> Assignment: Set down the line containing "Lilly Pulitzer Womens" and each line after it through the last line of the records, exactly, leaving pictures out.

Extracted records:
============
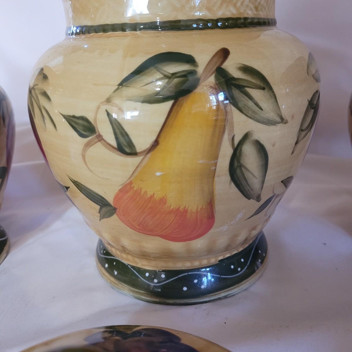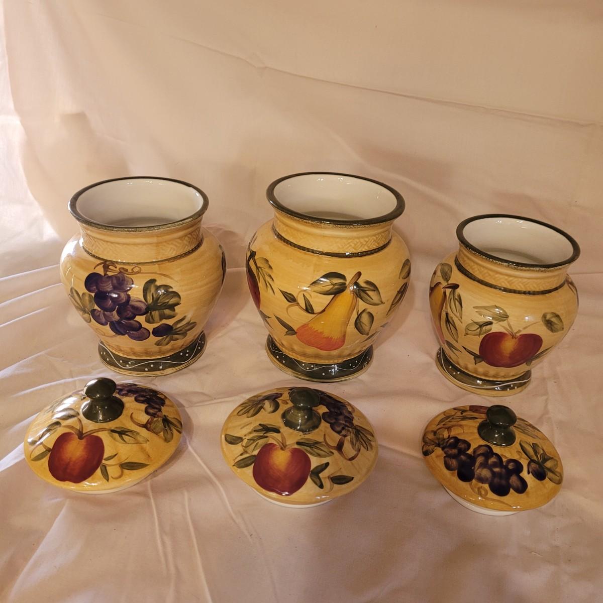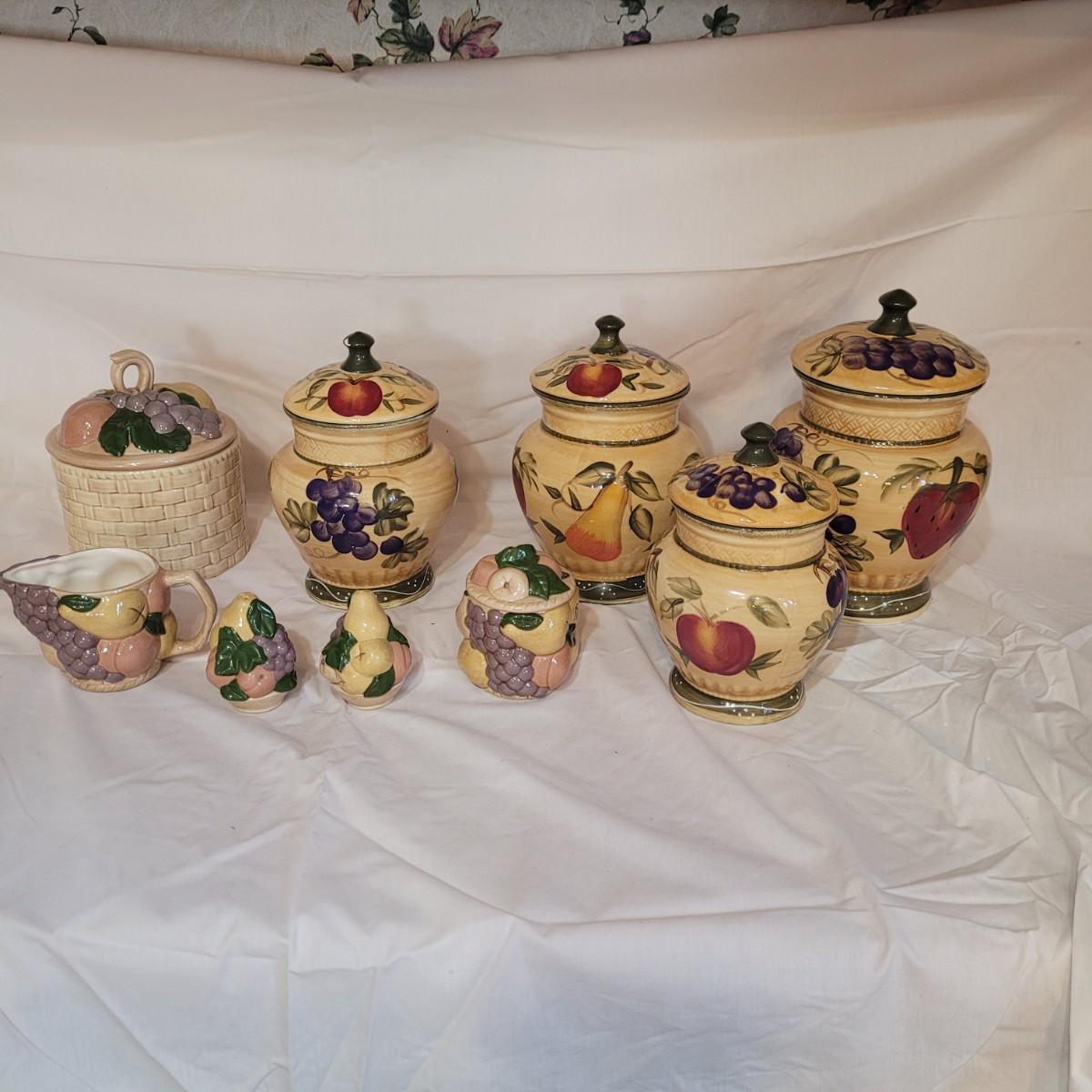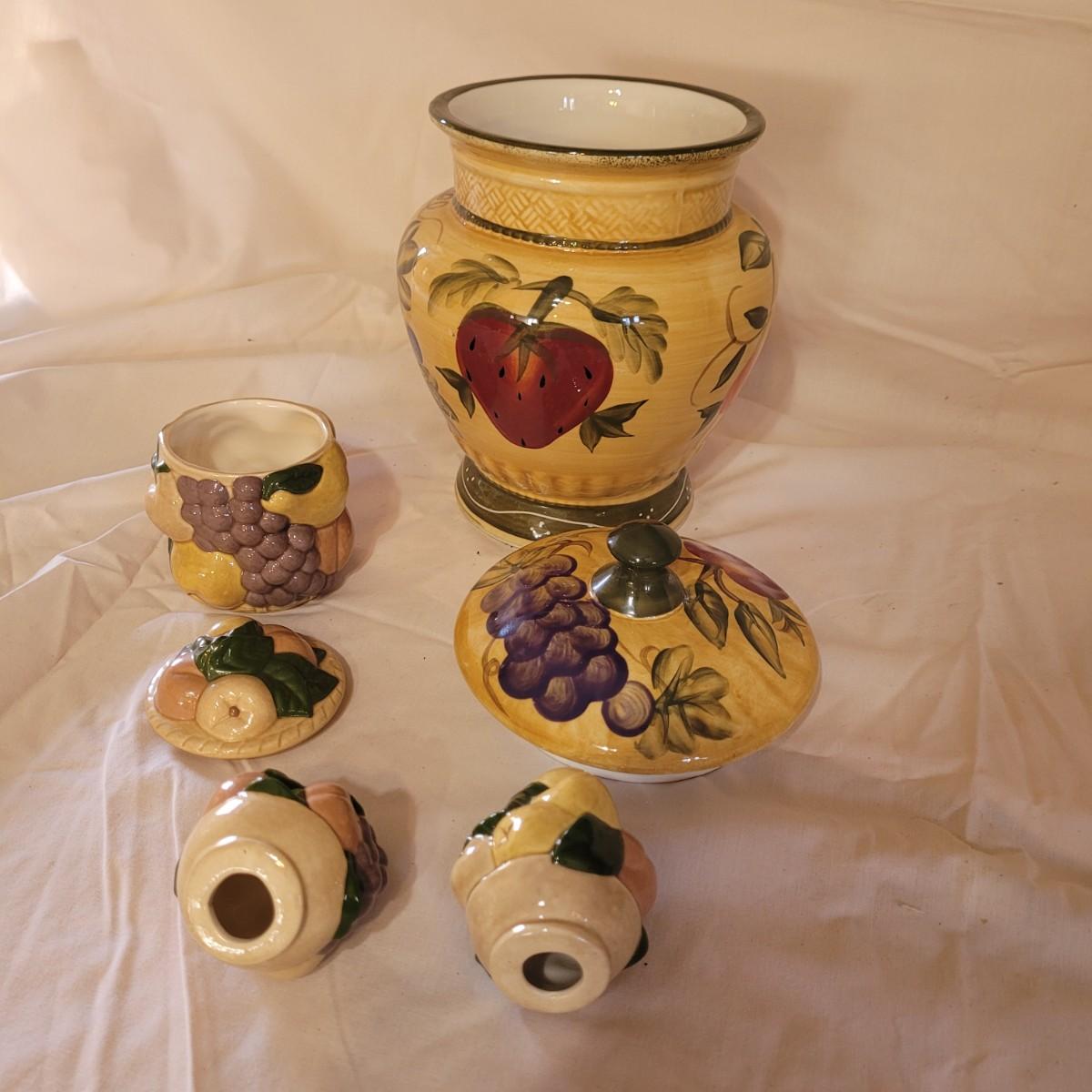 This Tuscan style ceramic ware collection includes six lidded jars of various sizes, a small creamer and salt and pepper shakers (bottom seals are missing - see photos). One jar does have a minor chip on its lid. Largest jar measures approximately 5.5"DIA at opening x 11"H.
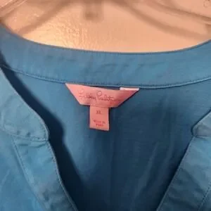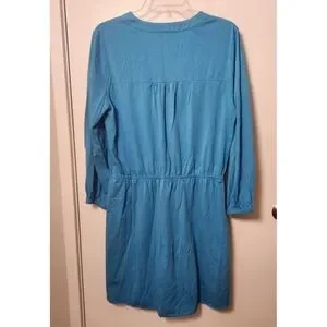 Lilly Pulitzer Womens Pima Cotton XL Blue V-Neck Long Sleeve Elastic Waist Dress
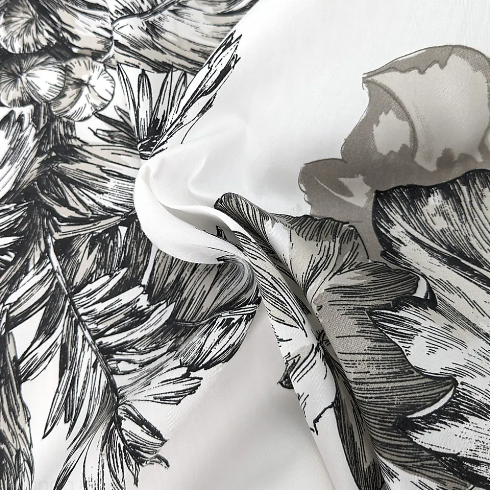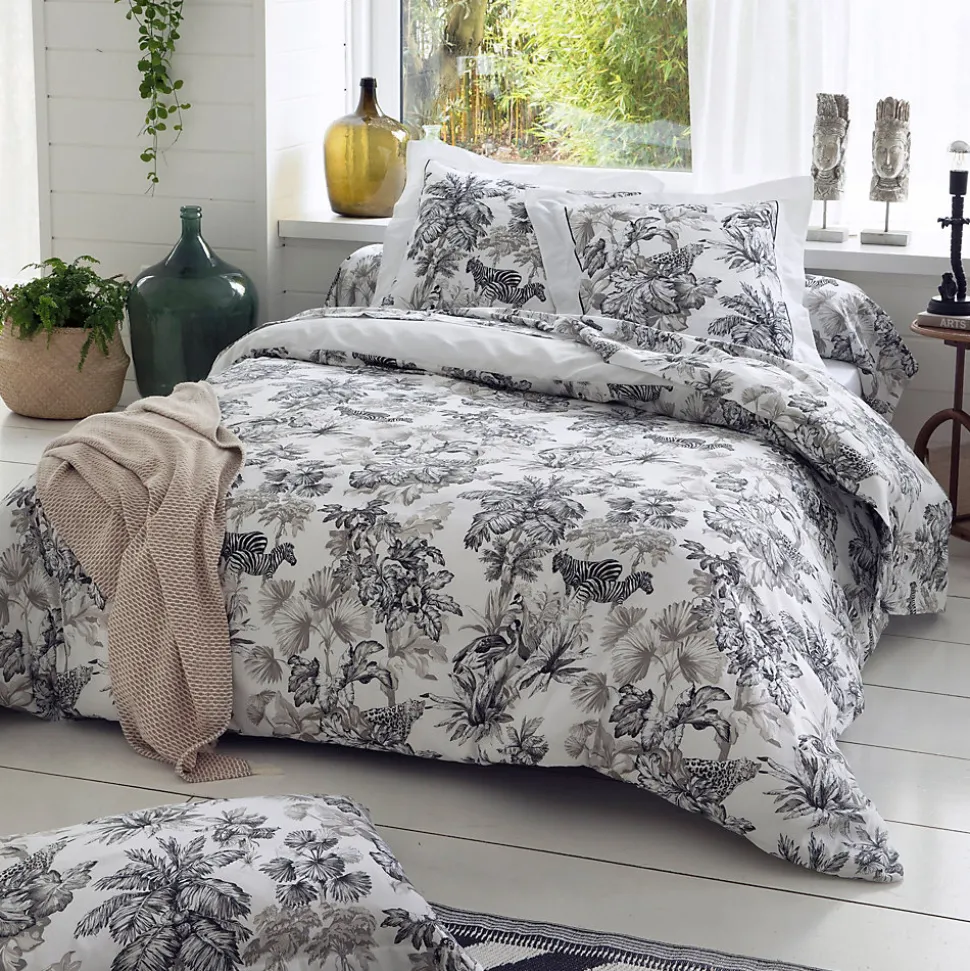 - Housse de couette 140×200 cm satin de coton 110 fils/cm² SAVANE blanc Parure de lit en satin de coton très qualitative et haut de gamme. Ambiance contemporaine avec cette végetation exotique et animaux (cachés) dans des tons de noir sur fond blanc.
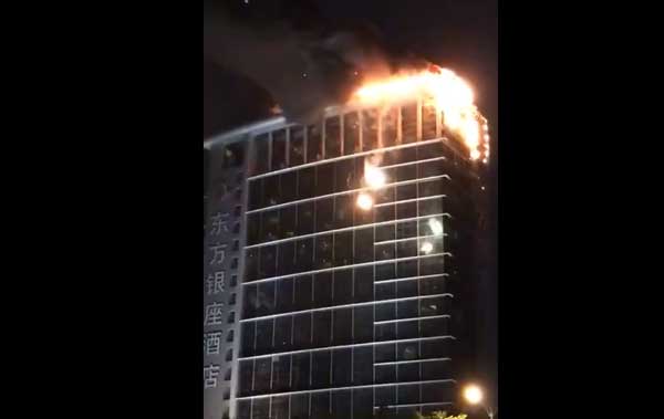 实拍深圳东方银座酒店楼顶突发火灾现场视频
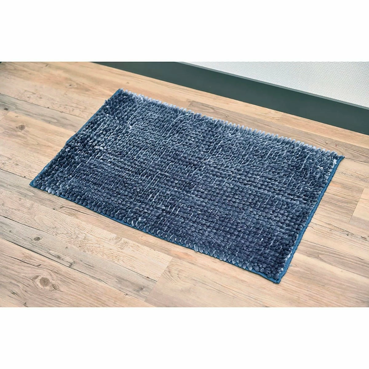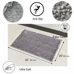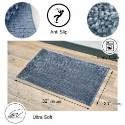 - DESIGN: With its beautiful satin chenille fibers, this blue grey mat will bring a stylish touch to any interior. Ideal for the bathroom, it also fits perfectly anywhere in your home: kitchen, bedroom, living room and office. Dimensions 32″L x 20″W
============
> The completed task:
 Lilly Pulitzer Womens Pima Cotton XL Blue V-Neck Long Sleeve Elastic Waist Dress
 - Housse de couette 140×200 cm satin de coton 110 fils/cm² SAVANE blanc Parure de lit en satin de coton très qualitative et haut de gamme. Ambiance contemporaine avec cette végetation exotique et animaux (cachés) dans des tons de noir sur fond blanc.
 实拍深圳东方银座酒店楼顶突发火灾现场视频
 - DESIGN: With its beautiful satin chenille fibers, this blue grey mat will bring a stylish touch to any interior. Ideal for the bathroom, it also fits perfectly anywhere in your home: kitchen, bedroom, living room and office. Dimensions 32″L x 20″W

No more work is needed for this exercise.